En terme d'investissement, nous voilà revenus aux programmes low-cost des années 70. Nous sommes face a une chute sans précédent des dépenses d'équipement.
De 63 M à 38M d'Euro, soit un recul entre 2009 et cette année de 40% (chiffres DOB).

Notre position :

Un budget moderne :

optimise les dépenses, gèle la fiscalité et préserve des capacités d'investissement.

1/ Optimise les dépenses :

Nous devons opter pour la culture de l’optimisation
Chacun d’entre nous, élus, responsable de services, agents, devons nous imprégner de cette culture de l’optimisation.

Il n’est jamais simple de changer des habitudes mais lorsque il y va de la gestion de l’argent public, alors notre devoir est de tout mettre en œuvre pour atteindre nos objectifs. L’on ne nous fera jamais croire que sur 189 millions de fonctionnement, il n’est pas possible de dégager des marges d’économies.
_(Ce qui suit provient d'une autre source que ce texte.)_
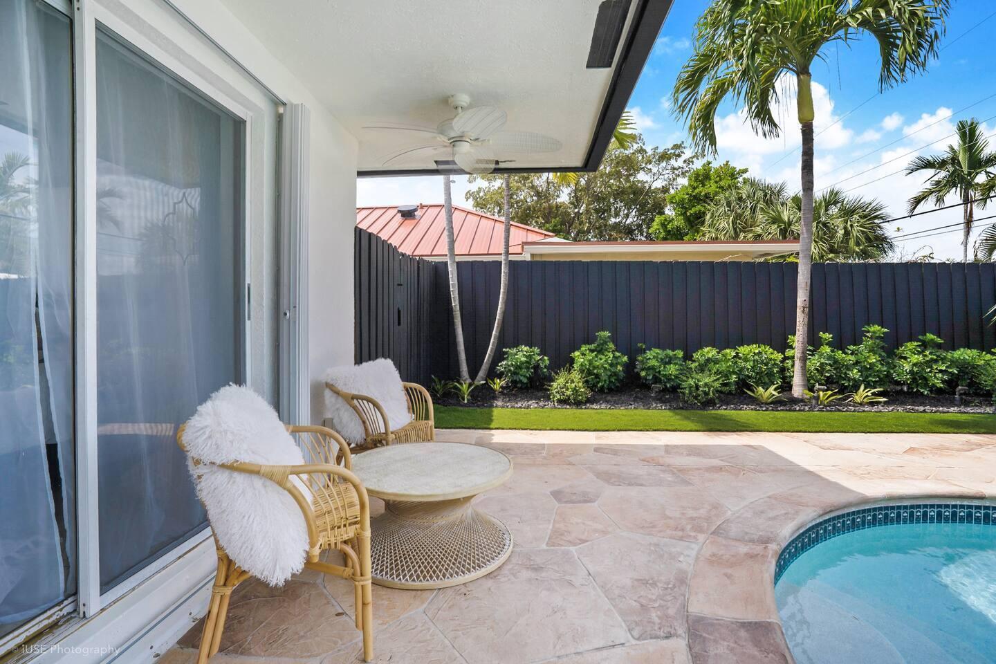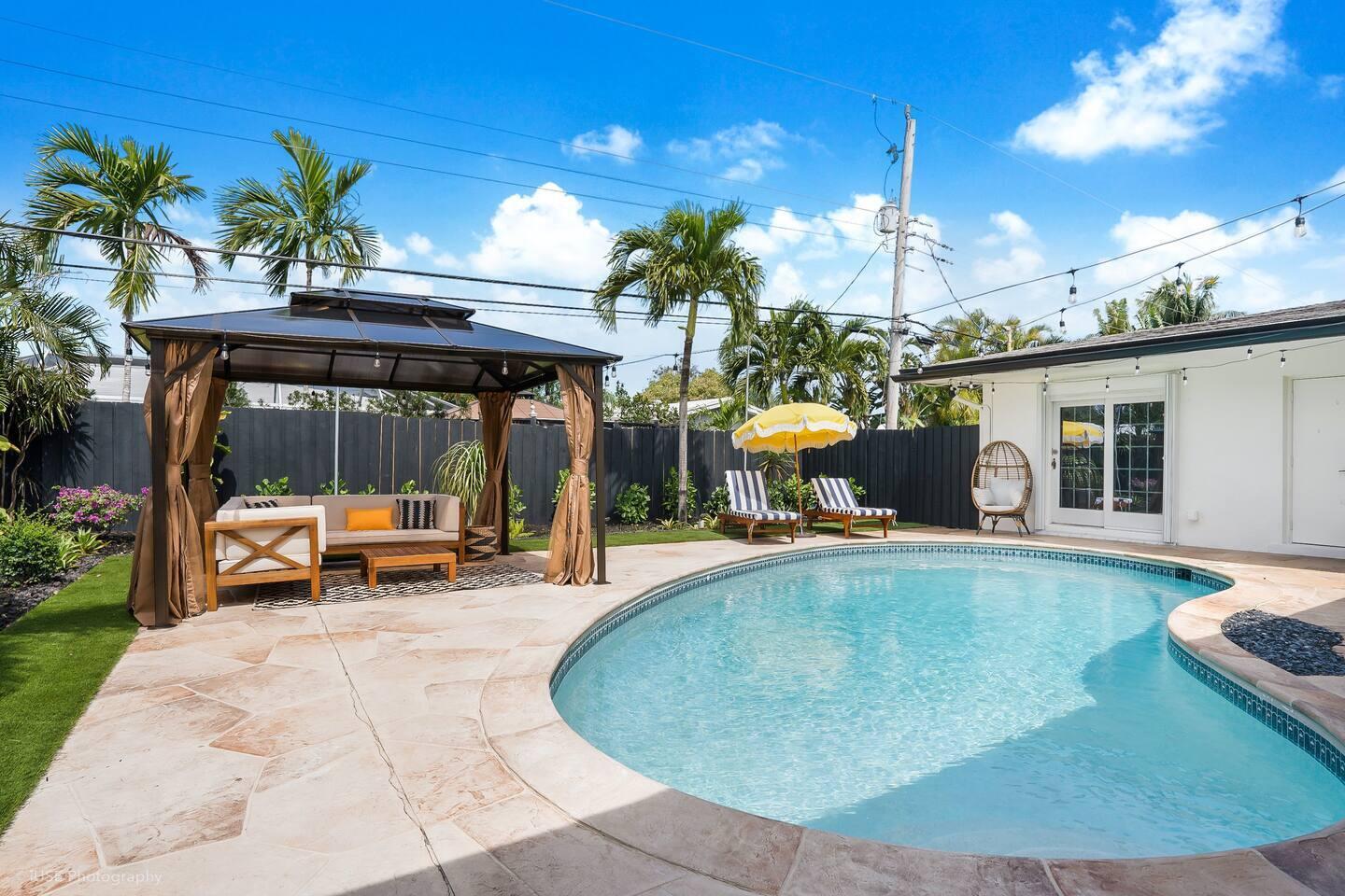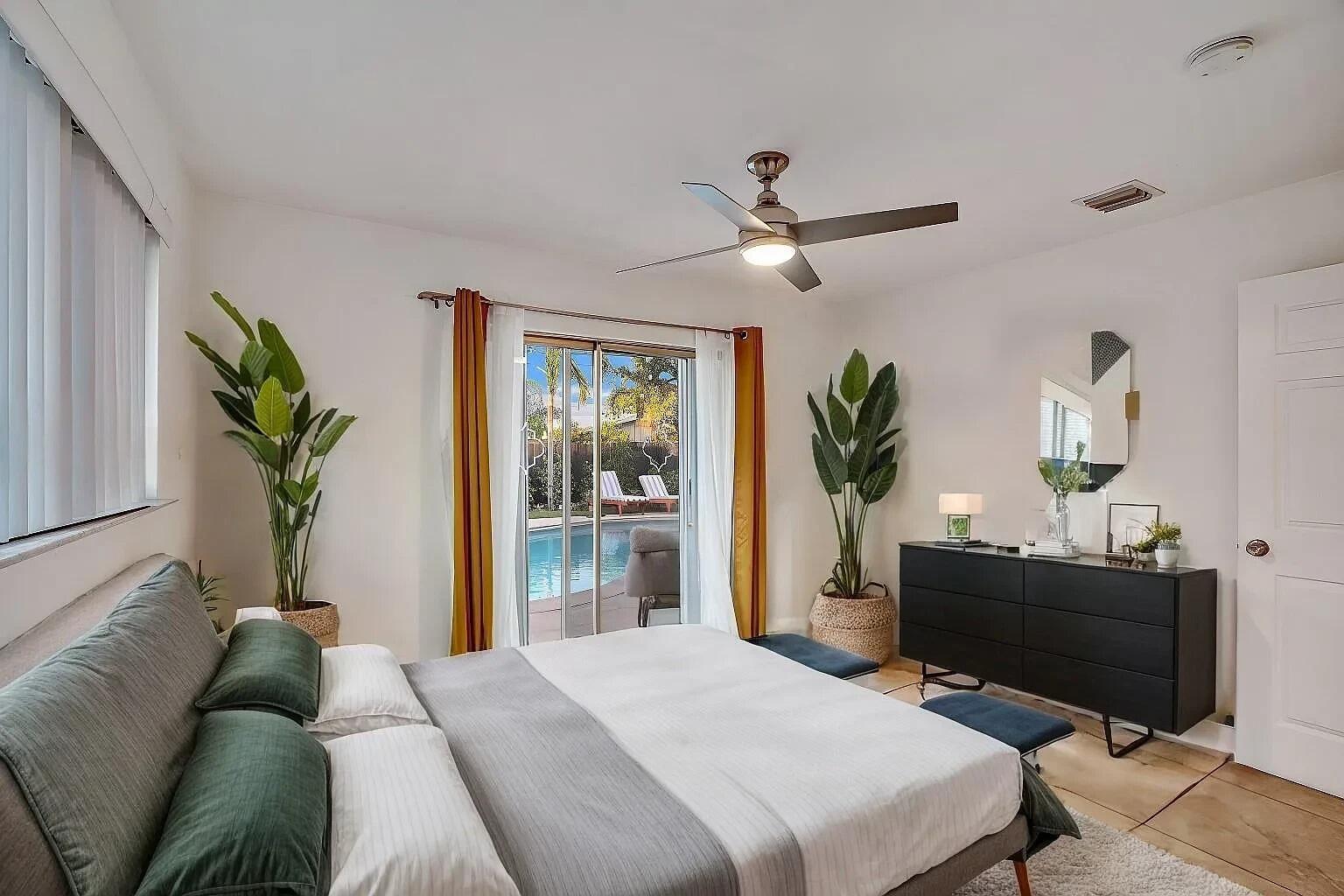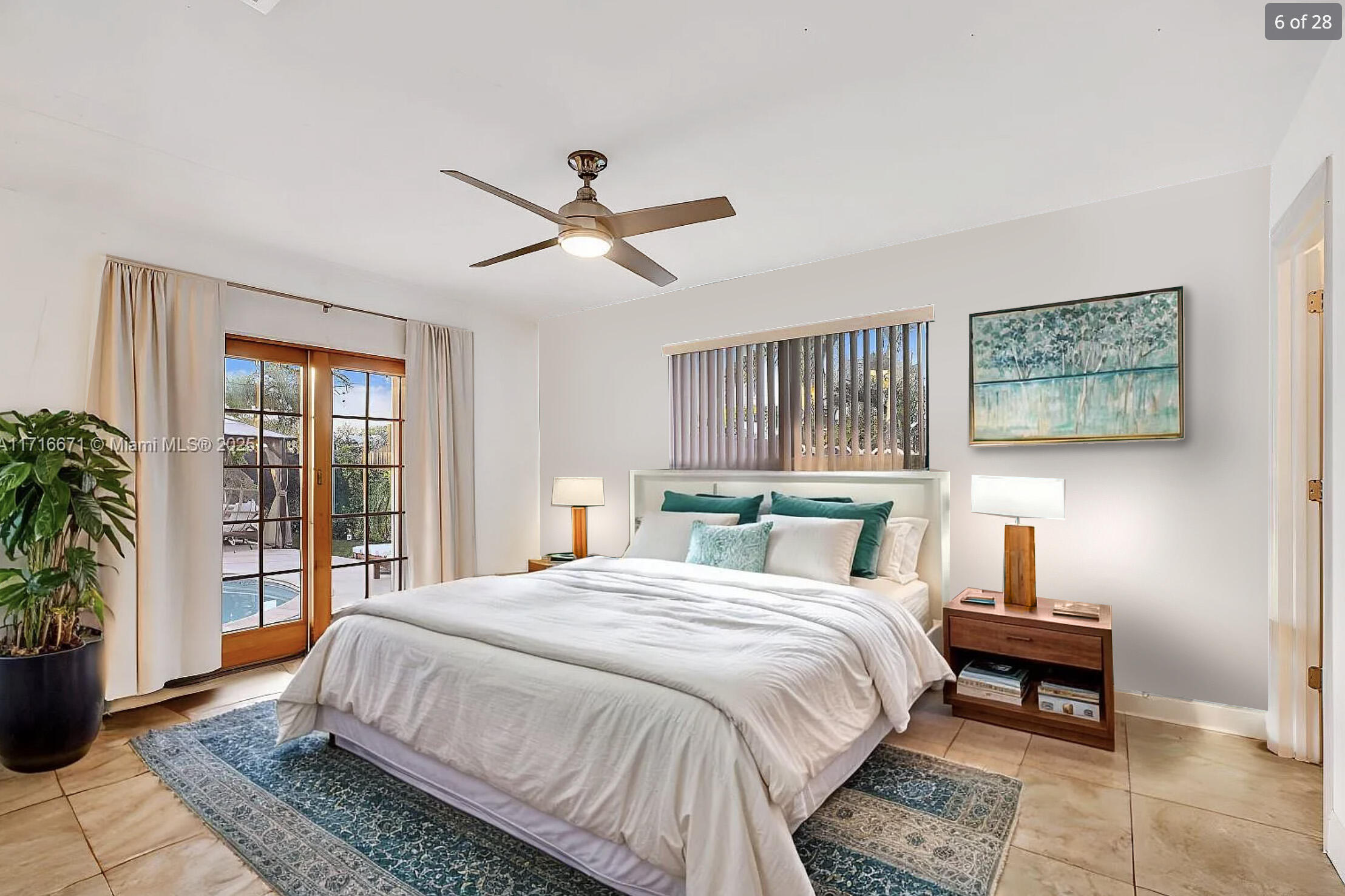 Welcome to this beautifully maintained 1-story home in the highly sought-after neighborhood of Imperial Point, offering a total of 2,939 sqft of living space and no HOA restrictions. This home features 5 bedrooms and 3 full bathrooms, including a private mother-in-law suite with 2 bedrooms, 1 bath, and its sliding door entrance leading to the pool - perfect for guests or multigenerational living.Enjoy Florida living at its finest with a resort-style pool area, complete with a cabana bath and a master suite featuring French doors opening directly to the patio. The kitchen is equipped with ample cabinetry and appliances, and tile flooring runs throughout the entire home for easy maintenance and a cohesive look.

Nous avons besoin d'une réforme générale des politiques publiques locales. Celle-ci consistera à réaliser une étude globale de l’administration Municipale.
En étroite collaboration et dans une franche concertation avec les organisations syndicales et les Directions des services, il conviendrait de redéfinir missions et objectifs.
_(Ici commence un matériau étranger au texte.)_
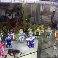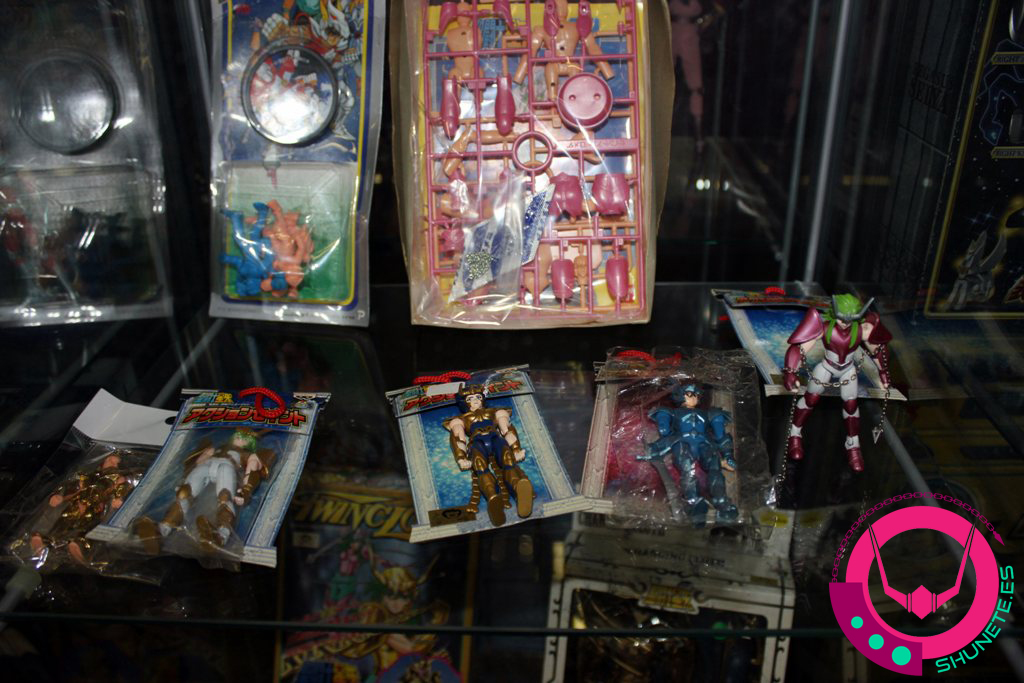 Acabada la ruta de los dibujos comenzaba la curiosidad de las vitrinas, donde todo el que pasaba acaba agachado mirando la resina de Ikki y la de Hyoga. Personalmente era la zona de las preguntas ¿Y esto qué es? ¿De donde habrá salido aquello? La zona Vintage se llevaba la palma pues extraños y ajenos al mundo del custom Vintage se preguntaban de donde habían salido esas figuras y esas cajas que no recordaban haber visto en las jugueterías de su infancia o El Corte Inglés. La verdad es que nos hacía sentir muy feliz el ver a la gente tan feliz e interesada en ello.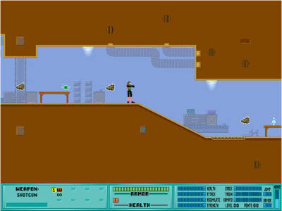 游戏采用横版动作射击的玩法,角色的动作比较丰富,可以根据环境作出攀爬的动作,可以近身攻击和用枪支射击,游戏的场景在未来风格的基地之中,画面虽然显得比较陈旧,但是战斗的效果十分夸张。游戏的背景音乐流畅自然,配合女主角的冒险战斗更加引人入胜。动作和射击的效果配音清晰逼真,更增加了游戏的真实感。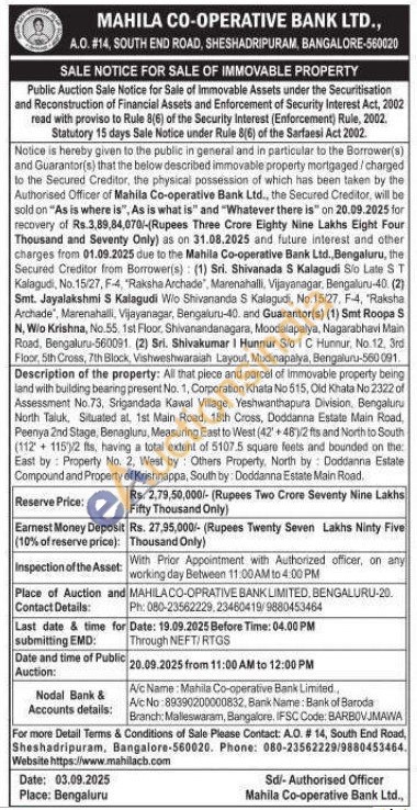 Description of the property: All that piece and parcel of immovable property being land with building bearing present No. 1, Corporation Khata No 515, Old Khata No 2322 of Assessment No.73. Srigandada Kawal Village, Yeshwanthapura Division, Bengaluru North Taluk, Situated at, 1st Main Road, 18th Cross, Doddanna Estate Main Road, Peenya 2nd Stage, Benagluru, Measuring East to West (42'+46)/2 fts and North to South (112+115)/2 fts, having a total extent of 5107.5 square feets and bounded on the East by Property No. 2, West by Others Property, North by Doddanna Estate Compound and Property of Krishnappa, South by: Doddanna Estate Main Road

Notre environnement financier change, il se complique, notre mode même de financement est menacé.
« 2012 va être très très dur pour les collectivités locales » a déclaré Philippe LAURENT Président de la commission des finances de l’Association des Maires de France (AMF)
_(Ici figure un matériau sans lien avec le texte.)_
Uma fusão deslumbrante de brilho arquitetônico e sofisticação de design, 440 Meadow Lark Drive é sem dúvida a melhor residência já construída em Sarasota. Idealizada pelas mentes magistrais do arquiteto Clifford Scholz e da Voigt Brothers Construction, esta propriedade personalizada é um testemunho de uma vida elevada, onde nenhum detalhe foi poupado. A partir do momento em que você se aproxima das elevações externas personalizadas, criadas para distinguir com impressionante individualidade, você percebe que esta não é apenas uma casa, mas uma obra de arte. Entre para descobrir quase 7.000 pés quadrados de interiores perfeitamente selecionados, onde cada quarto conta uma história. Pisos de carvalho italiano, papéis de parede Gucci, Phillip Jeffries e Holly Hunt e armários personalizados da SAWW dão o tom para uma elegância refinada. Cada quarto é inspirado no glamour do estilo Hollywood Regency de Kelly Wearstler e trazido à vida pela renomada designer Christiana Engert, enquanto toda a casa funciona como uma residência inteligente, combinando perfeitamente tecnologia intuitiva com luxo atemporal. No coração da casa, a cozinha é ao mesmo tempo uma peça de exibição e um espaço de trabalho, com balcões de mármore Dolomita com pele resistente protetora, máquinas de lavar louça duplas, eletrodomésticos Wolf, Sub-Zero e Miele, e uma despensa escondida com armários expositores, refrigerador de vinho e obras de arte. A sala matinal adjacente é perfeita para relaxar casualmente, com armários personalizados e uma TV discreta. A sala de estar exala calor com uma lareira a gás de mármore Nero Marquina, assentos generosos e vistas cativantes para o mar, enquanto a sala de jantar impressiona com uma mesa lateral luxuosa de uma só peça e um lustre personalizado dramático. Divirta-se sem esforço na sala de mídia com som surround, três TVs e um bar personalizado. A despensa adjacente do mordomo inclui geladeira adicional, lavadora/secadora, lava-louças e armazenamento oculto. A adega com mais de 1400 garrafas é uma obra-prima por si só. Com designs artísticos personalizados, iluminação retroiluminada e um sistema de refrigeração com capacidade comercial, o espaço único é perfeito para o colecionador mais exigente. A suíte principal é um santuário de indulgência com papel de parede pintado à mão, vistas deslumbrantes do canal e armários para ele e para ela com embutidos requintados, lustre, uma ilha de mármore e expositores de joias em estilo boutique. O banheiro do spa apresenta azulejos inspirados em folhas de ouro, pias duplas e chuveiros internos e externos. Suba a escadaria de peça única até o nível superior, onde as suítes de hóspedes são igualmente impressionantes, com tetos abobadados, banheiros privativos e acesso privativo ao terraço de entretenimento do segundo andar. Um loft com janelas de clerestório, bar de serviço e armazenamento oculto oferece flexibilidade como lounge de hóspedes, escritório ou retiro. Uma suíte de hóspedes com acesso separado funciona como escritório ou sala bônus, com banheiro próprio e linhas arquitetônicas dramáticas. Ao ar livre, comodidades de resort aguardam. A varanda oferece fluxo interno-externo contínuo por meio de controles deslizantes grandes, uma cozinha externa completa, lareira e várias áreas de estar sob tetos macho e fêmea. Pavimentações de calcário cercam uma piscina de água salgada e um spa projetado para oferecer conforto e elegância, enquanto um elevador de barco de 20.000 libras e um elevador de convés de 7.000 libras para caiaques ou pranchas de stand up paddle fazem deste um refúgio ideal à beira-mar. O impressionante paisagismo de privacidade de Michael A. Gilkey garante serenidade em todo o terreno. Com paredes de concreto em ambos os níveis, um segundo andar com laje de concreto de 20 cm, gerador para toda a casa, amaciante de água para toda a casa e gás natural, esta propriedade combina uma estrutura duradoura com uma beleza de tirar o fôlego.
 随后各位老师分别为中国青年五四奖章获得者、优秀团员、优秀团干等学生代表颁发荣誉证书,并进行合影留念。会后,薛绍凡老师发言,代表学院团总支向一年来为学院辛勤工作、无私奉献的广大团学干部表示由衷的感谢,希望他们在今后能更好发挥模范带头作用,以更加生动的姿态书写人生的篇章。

  1. Dexia (40% du marché du financement des collectivités) est en cours de démantèlement.
  2. La prochaine mise en place de normes réglementaires (Bâle III) seront défavorables aux crédits à long terme, ceux justement dont les collectivités ont besoin.
  3. A cause de la crise, les liquidités sont plus difficiles à trouver.
  4. La création d’une agence de financement reposant sur l’émission obligatoire directe auprès des marchés ne sera fonctionnelle au mieux fin 2012.


2/ Gèle la fiscalité

Vous recourrez aux impôts pour financer ce que vous n'avez su économiser. Les Clermontois n'en peuvent plus de ces hausses que vous leur imposer. Cessez de les matraquer !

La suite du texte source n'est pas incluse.